Metalworking Index Reaches Historic Acceleration in Growth
Supplier deliveries drove the index in September.
Registering 57.1 for September, the Gardner Business Index (GBI): Metalworking recorded strong growth through the third quarter of 2018. The average year-to-date reading of 58.5 is significantly better than the 55.6 average during the same time a year ago. Never in the history of the Metalworking Index have the first three-quarters of the year seen such an acceleration in growth. The Index grew by 1.6 percent from the same month a year ago. Supplier deliveries drove the index for a sixth consecutive month followed by production, new orders and employment.

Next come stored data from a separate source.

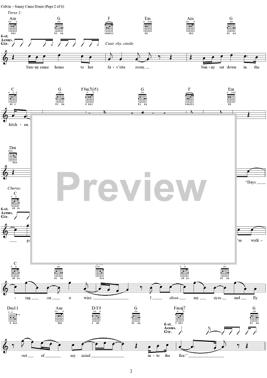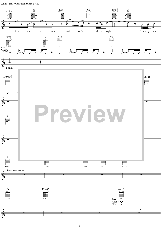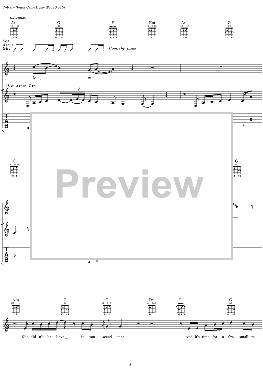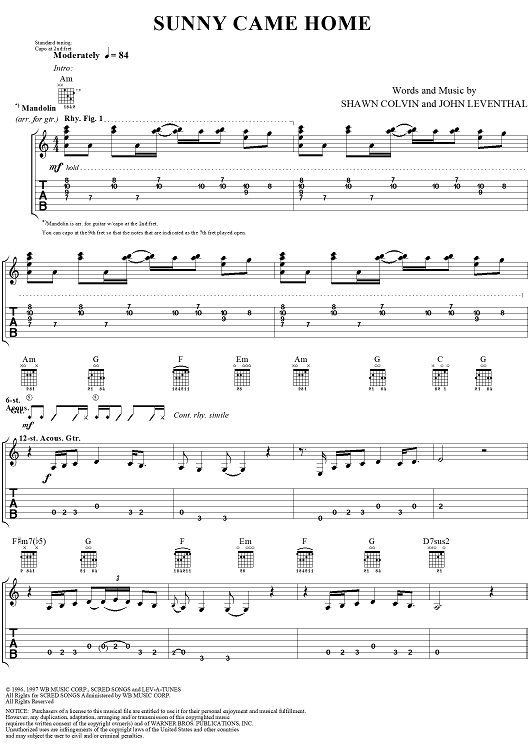 Digital Sheet Music for Sunny Came Home by Shawn Colvin, John Leventhal scored for Guitar Tab/Vocal; id:236032
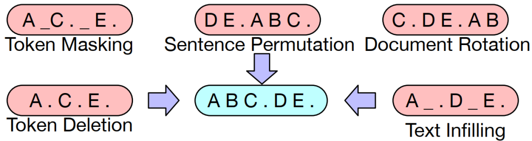 BART的损失函数是decoder的输出与原始文本之间的交叉熵。与其他去噪自编码器(一般需要定制特定的噪声方案)不同的是BART可以使用任何的加噪方式。在极端情况下,源信息可以全部缺失,此时的BART就蜕化成了一个语言模型。文章中用到的加噪方案(即原始文本如何被破坏)如Figure 2所示。
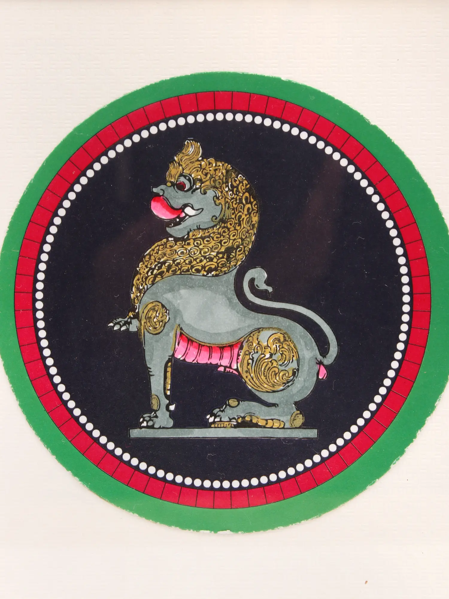 Often found in temple architecture, its inclusion in Ganjifa paintings preserves cultural significance. The intricate portrayal of the Yali in this artwork not only captivates the eye but also serves as a cultural emblem, celebrating the rich tapestry of symbolism and myth inherent in Indian artistic traditions.
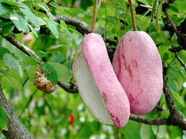 アケビの実が赤紫色に色づきました。近づいてよく見ると、実の陰に、熊蝉の抜殻がまだ葉にしがみ付いたままになっていました。中身が一杯詰まったアケビの実と、中が空っぽの蝉の抜殻が隣り合わせにぶら下がっていて、豊かな実りの秋と空虚な寂寥の秋を、自然は対比して見せてくれました。
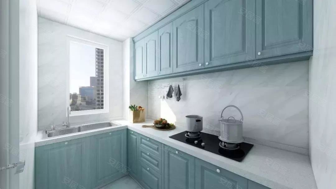 △ 岩青色橱柜给人一种优雅的感觉,搭配浅灰色墙地砖,整个空间显得舒适大气,带着淡淡的梦幻感。
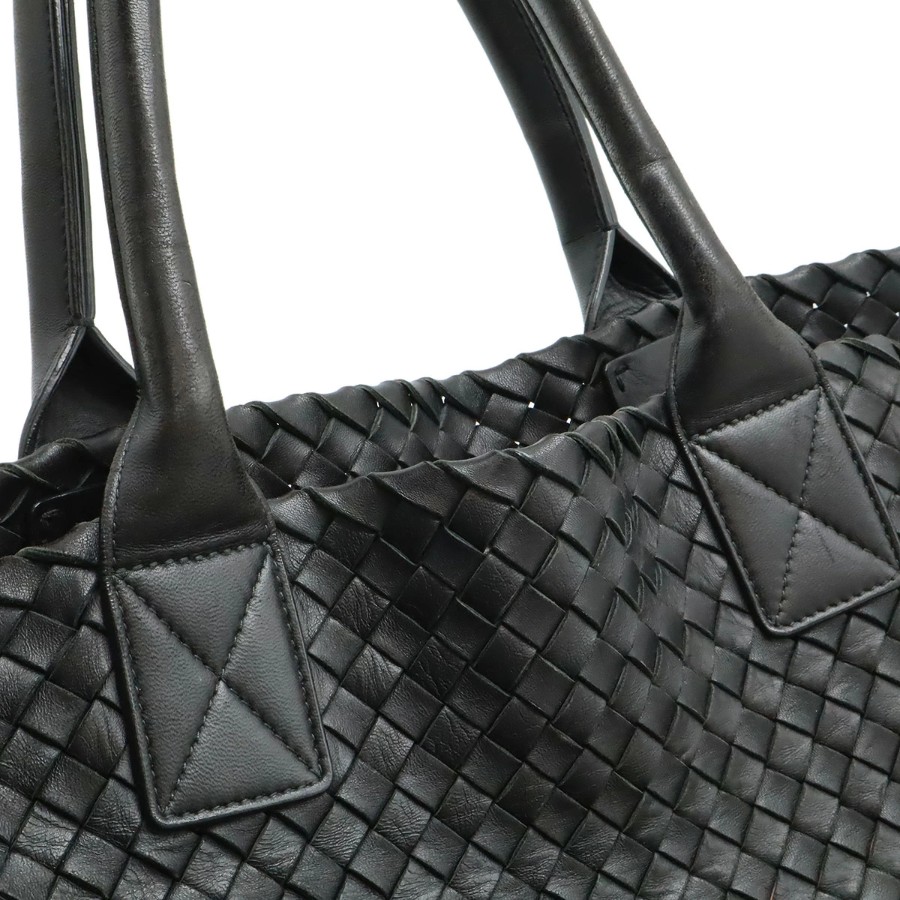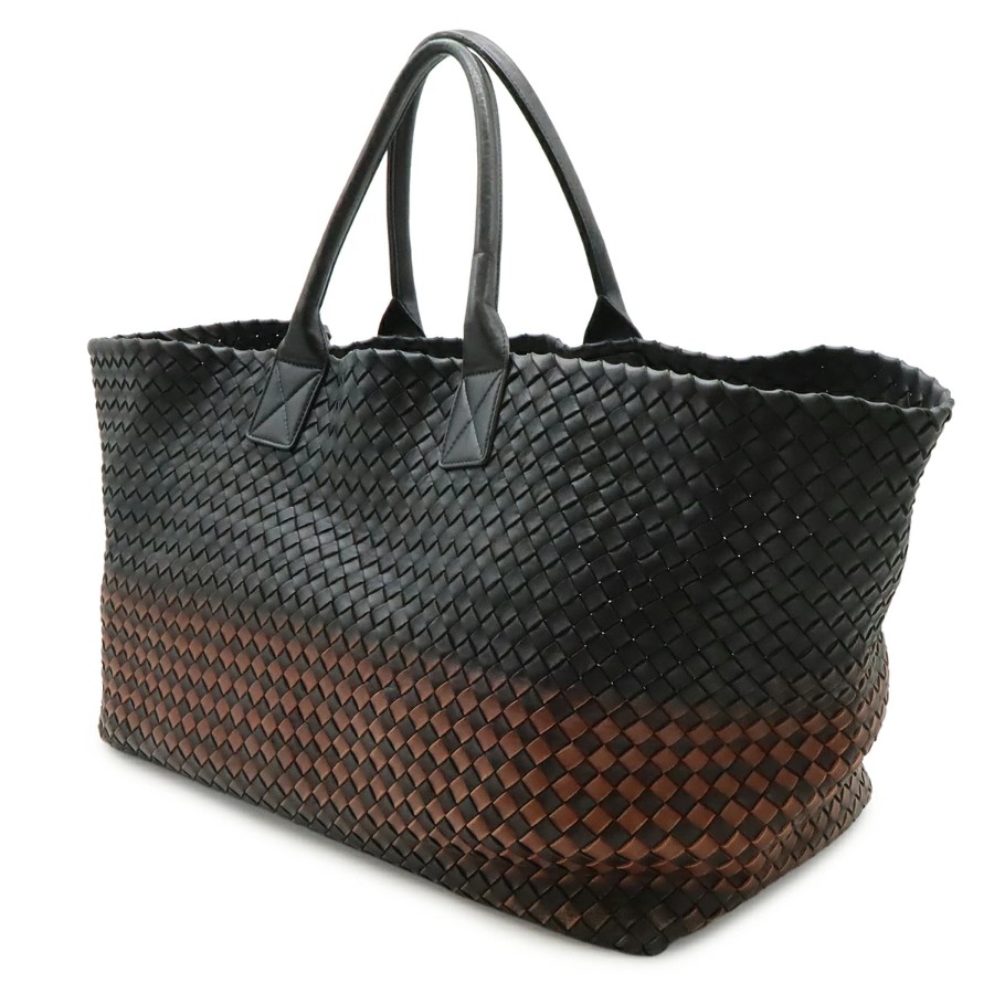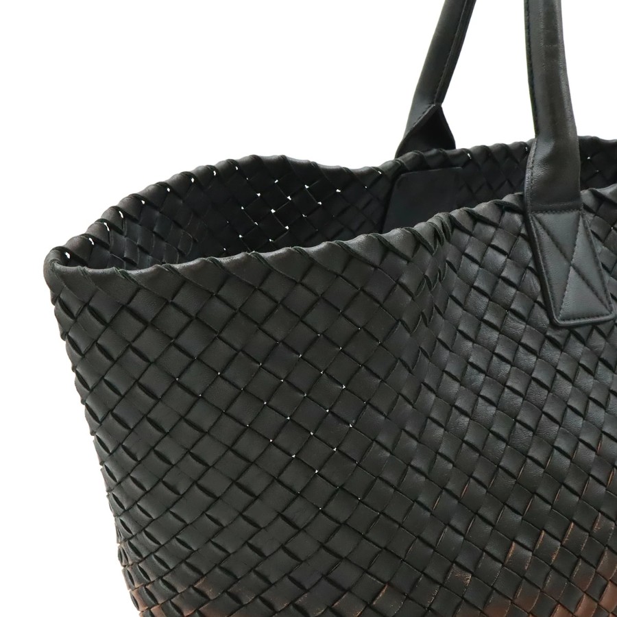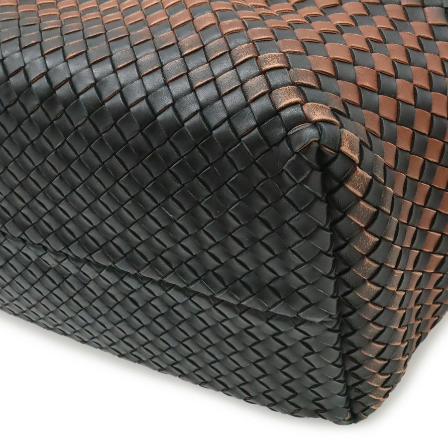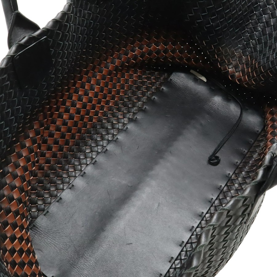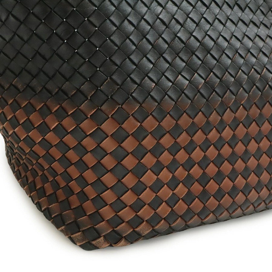 柔らかなレザーを格子状に編み込んだ独特のデザインが人気のイントレチャートのラージトートバッグでございます。

The readings for backlogs and exports conversely lowered the index’s average-based calculation. After recording growth during the last three months, exports experienced its most significant contraction since the fourth quarter of 2017. The reading was impacted by 10-percent tariffs imposed on $200 billion of Chinese goods by the United States September 24. The tariff rate will increase to 25 percent if a trade resolution is not agreed upon by January 1. Simultaneously, China implemented 5- to 10-percent tariffs on $60 billion of U.S. goods. As supply chains adjust to account for these tariffs, future months of GBI data will be more likely to measure the true impact from the latest tariffs.
The current 21-month economic upcycle represents the longest continuous expansion of the Index in recorded history. While recent trade events may cause some volatility in the near-future, the data since 2017 suggest that long-lived growth in backlogs and new-orders growth may enable the industry to weather near-term order volatility.